Record set:
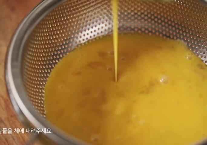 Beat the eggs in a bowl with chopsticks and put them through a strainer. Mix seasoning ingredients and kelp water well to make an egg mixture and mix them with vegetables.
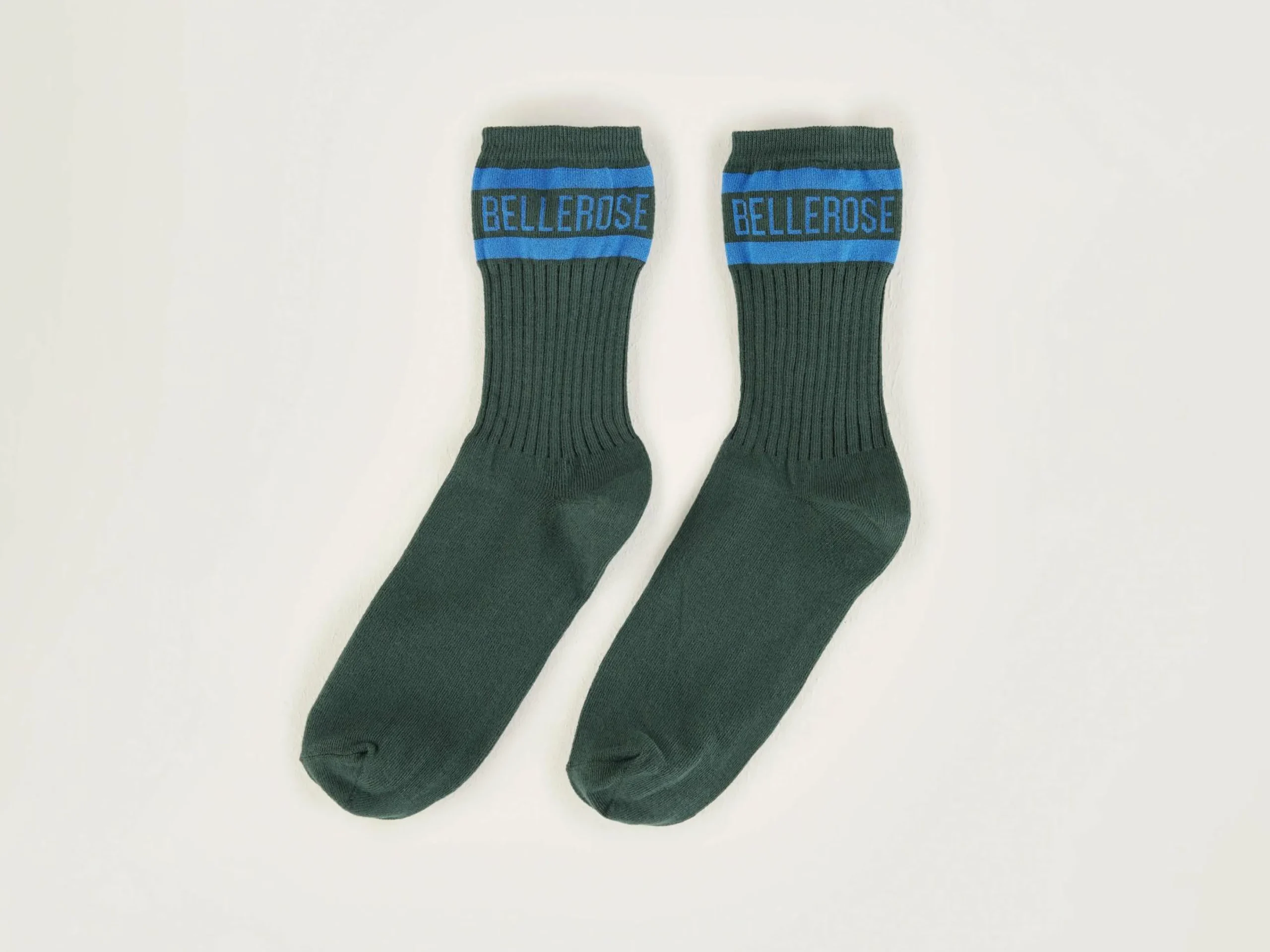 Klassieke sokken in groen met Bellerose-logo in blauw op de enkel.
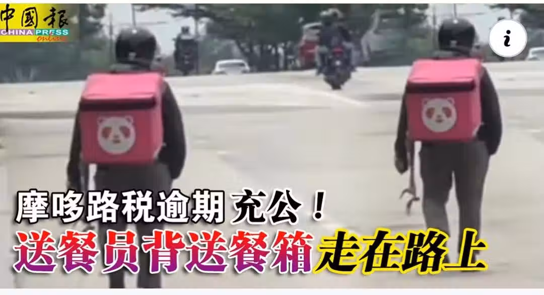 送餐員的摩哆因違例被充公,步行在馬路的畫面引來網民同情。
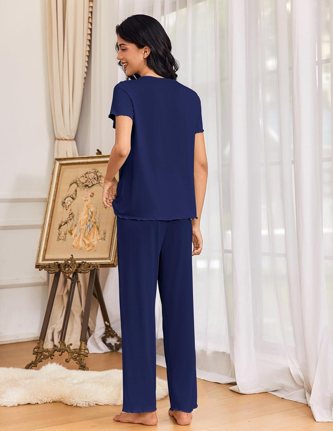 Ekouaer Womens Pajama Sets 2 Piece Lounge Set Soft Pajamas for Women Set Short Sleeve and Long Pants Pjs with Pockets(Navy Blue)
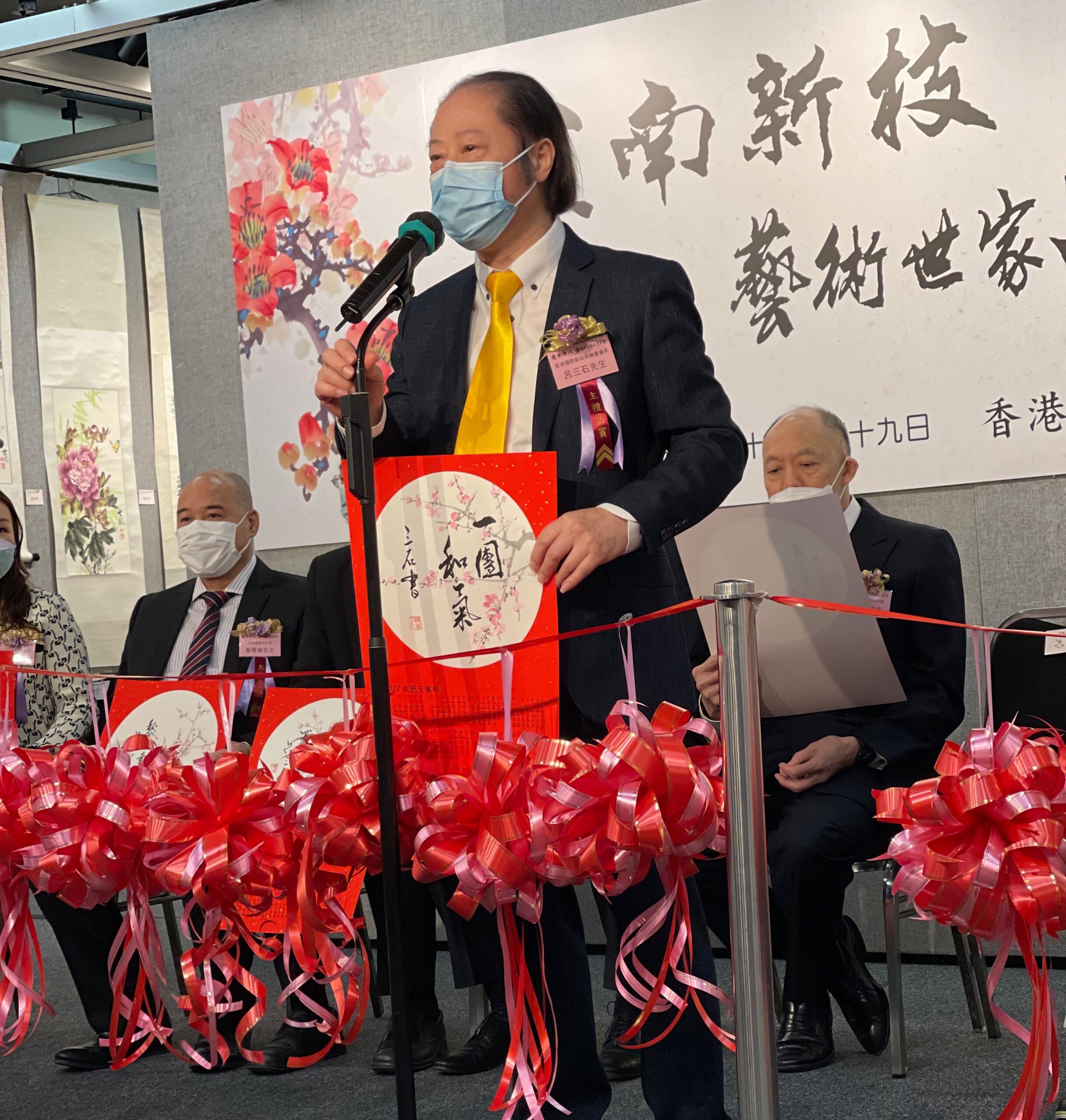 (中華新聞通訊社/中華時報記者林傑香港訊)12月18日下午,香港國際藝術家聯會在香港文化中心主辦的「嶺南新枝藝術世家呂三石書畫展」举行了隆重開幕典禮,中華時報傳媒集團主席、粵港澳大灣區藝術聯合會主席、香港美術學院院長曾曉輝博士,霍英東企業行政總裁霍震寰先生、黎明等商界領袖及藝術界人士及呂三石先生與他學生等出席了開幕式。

* * *

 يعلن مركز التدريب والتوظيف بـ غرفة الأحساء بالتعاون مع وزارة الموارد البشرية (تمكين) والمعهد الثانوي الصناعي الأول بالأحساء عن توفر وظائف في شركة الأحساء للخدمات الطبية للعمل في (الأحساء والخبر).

Problem description:
From the records above, give again only the part that opens with the line containing "Klassieke sokken in" and closes with the line containing "(中華新聞通訊社/中華時報記". Keep both ends but drop the pictures.

Response area:
 Klassieke sokken in groen met Bellerose-logo in blauw op de enkel.
 送餐員的摩哆因違例被充公,步行在馬路的畫面引來網民同情。
 Ekouaer Womens Pajama Sets 2 Piece Lounge Set Soft Pajamas for Women Set Short Sleeve and Long Pants Pjs with Pockets(Navy Blue)
 (中華新聞通訊社/中華時報記者林傑香港訊)12月18日下午,香港國際藝術家聯會在香港文化中心主辦的「嶺南新枝藝術世家呂三石書畫展」举行了隆重開幕典禮,中華時報傳媒集團主席、粵港澳大灣區藝術聯合會主席、香港美術學院院長曾曉輝博士,霍英東企業行政總裁霍震寰先生、黎明等商界領袖及藝術界人士及呂三石先生與他學生等出席了開幕式。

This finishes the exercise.